+++ MATERIAL SUPPLIED +++
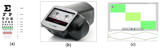 Different tools and computer software programs supporting different phases in a vision screening: (a) Snellen chart used for traditional vision screening (image downloaded from https://en.wikipedia.org/wiki/Snellen_chart#/media/File:Snellen_chart.svg, accessed date 12 October 2021); (b) Welsch Allyn Spot Vision Screener is an instrumental device used for measuring refractive error (image downloaded from https://www.gocheckkids.com/welch-allyn-spot-vision-screener, accessed date 12 October 2021); (c) C&Look is an eye-tracking computer software for screening functional vision problems.
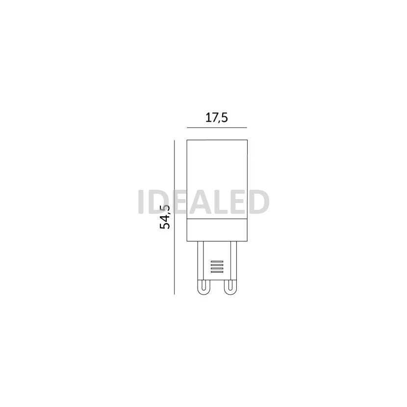 LED žárovka s paticí G9. Výkon 4W, barva světla 3000K, světelný tok 380 lm, úhel světla 330°. Napětí 230V AC. Rozměry D17,5xH54,5mm
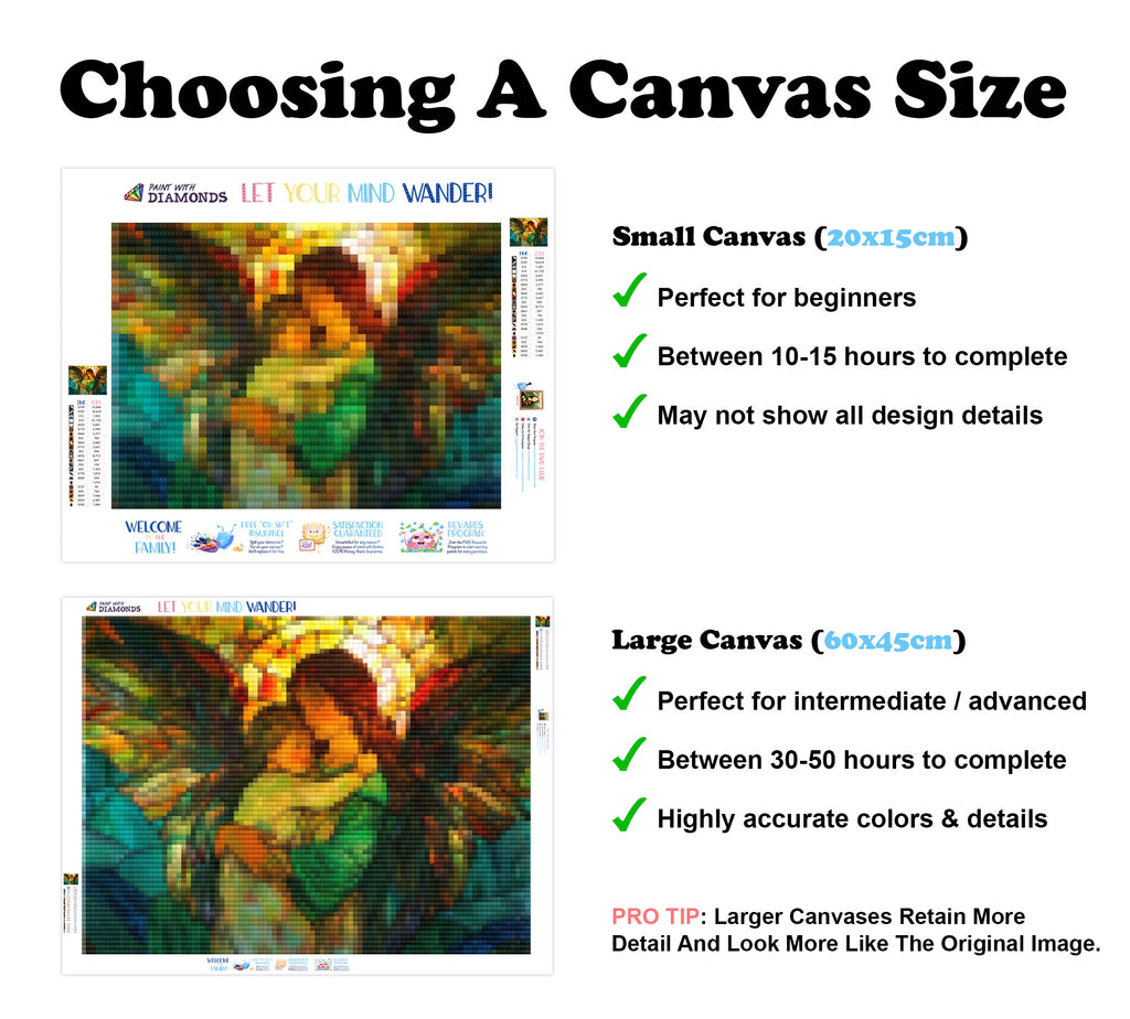 Escape into a world of vibrant colors and creative tranquility with the ‘Guardian Angel’ Diamond Painting Kit. This exclusive full-drill design by artist Caleb Smith is available only at Paint With Diamonds. Let your mind unwind as you piece together shimmering diamonds to create a beautiful masterpiece.
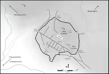 From excavations begun in 1901 it seems clear that the remains now visible on the site are entirely Roman.[4] The well-preserved walls are in the polygonal style, over 2.5 km in circuit, and are entirely embankment walls, not standing free above the internal ground level. The walls enclose an area of approximately 38 hectares. Remains of two towers, and of several gateways (notably the Porta Maggiore, defended by a tower), exist. The bastion at the Porta Maggiore still stands to 13 m. A square tower, referred to as "La Loggia" is also to be found along the curtain.[5][6]
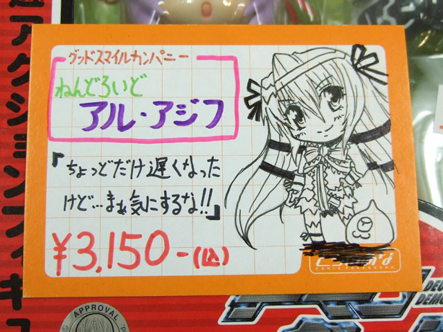 2月12日、一部に不具合が見受けられたため、発売が延期されていた、グッスマ「斬魔大聖デモンベイン ねんどろいど アル・アジフ」(AA)が、POPでは「ちょっとだけ遅くなったけど・・・まぁ気にするな!!」としてとらのあな本店などに入荷していました。他、ダイキ工業「山田屋の剣士さん」(AA)、バンダイ「メタモフィギュア 涼宮ハルヒ バニーVer.1.5」(AA)発売等まとめて。
+++
Your answer must be the exact lines from the one containing "From excavations begun" through the last line of the records above, with both included and no pictures.

__TASK RESULT__
 From excavations begun in 1901 it seems clear that the remains now visible on the site are entirely Roman.[4] The well-preserved walls are in the polygonal style, over 2.5 km in circuit, and are entirely embankment walls, not standing free above the internal ground level. The walls enclose an area of approximately 38 hectares. Remains of two towers, and of several gateways (notably the Porta Maggiore, defended by a tower), exist. The bastion at the Porta Maggiore still stands to 13 m. A square tower, referred to as "La Loggia" is also to be found along the curtain.[5][6]
 2月12日、一部に不具合が見受けられたため、発売が延期されていた、グッスマ「斬魔大聖デモンベイン ねんどろいど アル・アジフ」(AA)が、POPでは「ちょっとだけ遅くなったけど・・・まぁ気にするな!!」としてとらのあな本店などに入荷していました。他、ダイキ工業「山田屋の剣士さん」(AA)、バンダイ「メタモフィギュア 涼宮ハルヒ バニーVer.1.5」(AA)発売等まとめて。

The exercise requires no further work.